After watching a man bungee jump into a vat of apples to bob for one as part of a Molson Coors ad for Carling British Cider, the Advertising Standards Authority was worried it linked alcohol to daring behaviour.
But after checking the Broadcast Committee of Advertising Practice code it could not find a breach and it cleared the supplier.
A viewer also complained about the ad because he believed the name was a misnomer, arguing the cider was not made from British apples.
Molson Coors defended itself by saying some of the apples used were British – although the amount varied between batches – and that the cider was made in Herefordshire and bottled in Burton.
The ASA sided with the supplier and said: “We acknowledged the product was produced in the UK using British cider making techniques and was bottled in the UK.

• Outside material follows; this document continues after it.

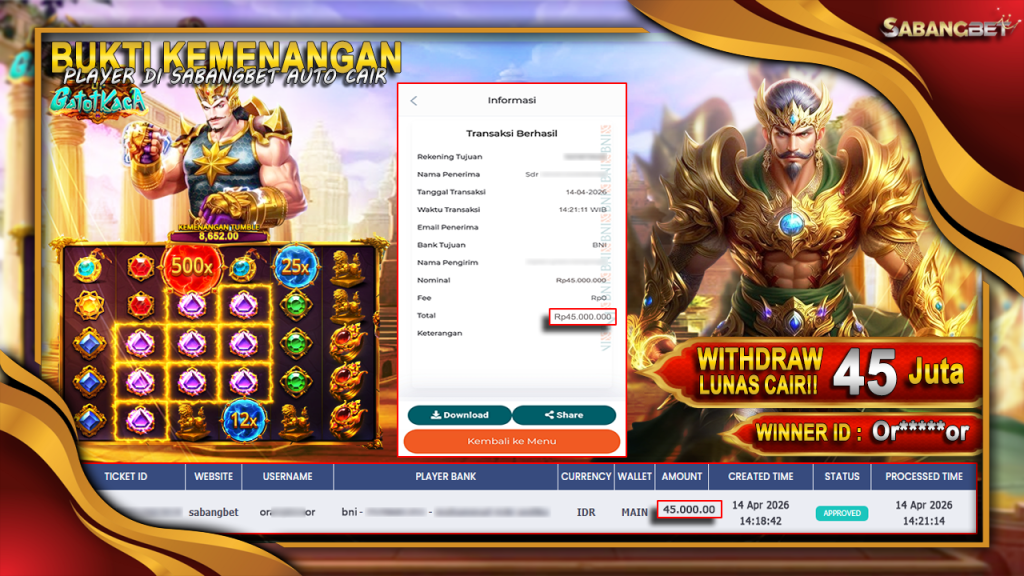 BUKTI KEMENANGAN 14 APRIL 2026 DI GAME Gates Of Gatotkaca WD 45 JUTA

“While the complainant believed the ad implied all apples used to produce Carling British Cider were British, the ad made no such claim and we noted that Carling British Cider was in fact made with some British apples.
“While the ad featured a typical British summer fete, we considered it did not create the impression that only British apples were used to make CBC.”
Meanwhile a complainant challenged whether a BBFB radio ad for Jack Daniels promoted irresponsible drinking.
The voiceover in the ad said: “Some say lousy record keeping is what kept Jack Daniel from knowing his actual birthday.
“Others blamed his misfortune on forgetful parents. But none of that mattered to Jack Daniel. The way he saw it, celebrating the entire month of September was fair compromise.
“And in the end we can't say we blame him. So raise a glass to a man and his Tennessee whiskey and join us in celebrating Mr Jack’s birthday all September long. Make it memorable. Please drink responsibly.”
BBFB told the ASA that in inviting consumers to raise a glass in a toast to its brand’s founder and his invention, it intentionally expressed this in the singular ‒ “raise a glass”.
It added that it specifically separated raising “a glass” on one single occasion from the month-long celebration it also urged fans to undertake, and that it did not expressly tell them to drink all month long.
The ASA agreed and said: “Although the invite to celebrate Mr Daniel’s birthday throughout September did not state that consumers should continue drinking to mark the occasion, we noted that the wording used was ‘join us’ in celebrating all September long.
“We considered that, in the context of an advertiser promoting whiskey, this was likely to be understood as joining in by drinking Jack Daniels.
“Nonetheless, even with the reference to celebrating ‘all September long’ we considered the ad did not give the overall impression that consumers should drink irresponsibly by, for example, buying repeated rounds of whiskey or drinking immoderately.
“We considered it was possible to celebrate throughout the month of September by drinking Jack Daniels responsibly.”